Rome mayor to be elected in April 27-28 run-off

Rome  -  Rome's mayoral race is to be decided in a run-off, first-round voting results Wednesday showed as a swing to the right was registered in polls held in two of the country's regions in line with Silvio Berlusconi's victory in Italy's general elections.

With most votes counted on Wednesday in Rome, neither the centre- left's candidate as mayor, Francesco Rutelli, nor his centre-right rival, Gianni Alemanno, managed to muster the required 50 per cent needed for a first-round win.

The two will compete in what is likely to be a tight run-off vote, scheduled for April 27-28.

On Sunday and Monday voters in Rome, cast ballots in the municipal election and, along with the rest of the country, in the national poll.

Similarly, voters in two of Italy's 20 regions, Sicily and Friuli-Venezia Giulia, participated in a regional poll as well as in the national one.

Francesco Rutelli, culture minister in outgoing Prime Minister Romano Prodi's government, and Rome's mayor from 1993 to 2001 captured around 47 per cent of the capital's mayoral votes, compared with his rival's 41 per cent.

Gianni Alemanno, an agriculture minister in Berlusconi's last government in 2006, is expected to receive support from the hard- right La Destra and the centrist Union of Christian Democrats in the run-off. The two parties each won just over 3 per cent votes in the first round.

Rome's mayoral seat became vacant when Walter Veltroni resigned last month to contest the national election as the centre-left Democratic Party' candidate for prime minister.

Veltroni had won a second term as Rome mayor in 2006 with a crushing 61 per cent of votes against Alemanno's 37 in the first round.

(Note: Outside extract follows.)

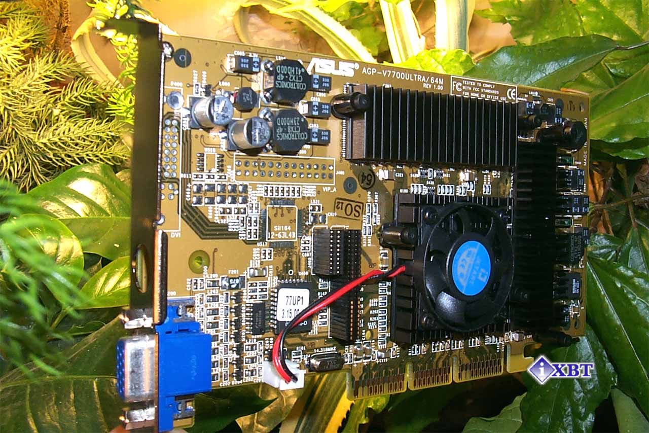 Начну с того, что ASUS AGP-V7700 Ultra это серийная карта от ASUSTeK. Карта имеет AGP x2/x4 интерфейс, 64 мегабайта DDR SDRAM памяти, размещенной в 8-ми микросхемах на лицевой стороне PCB.

Also on Wednesday results showed that the north-eastern Friuli- Venezia Giulia region's president, coffee industrialist Riccardo Illy had been ousted from office by the centre-right's candidate, Renzo Tondo who won 54 per cent of votes cast compared with his rival's 46.

The centre-right comfortably retained its leadership in Sicily, despite the resignation in January of outgoing president, Toto Cuffaro, following his five-year jail sentence in a Mafia-related case.

The centre-right's candidate for the island's presidency, Rafaelle Lombardo, won some 65 per cent of votes compared with the 30 per cent won by the centre-left's Anna Finocchiaro. (dpa)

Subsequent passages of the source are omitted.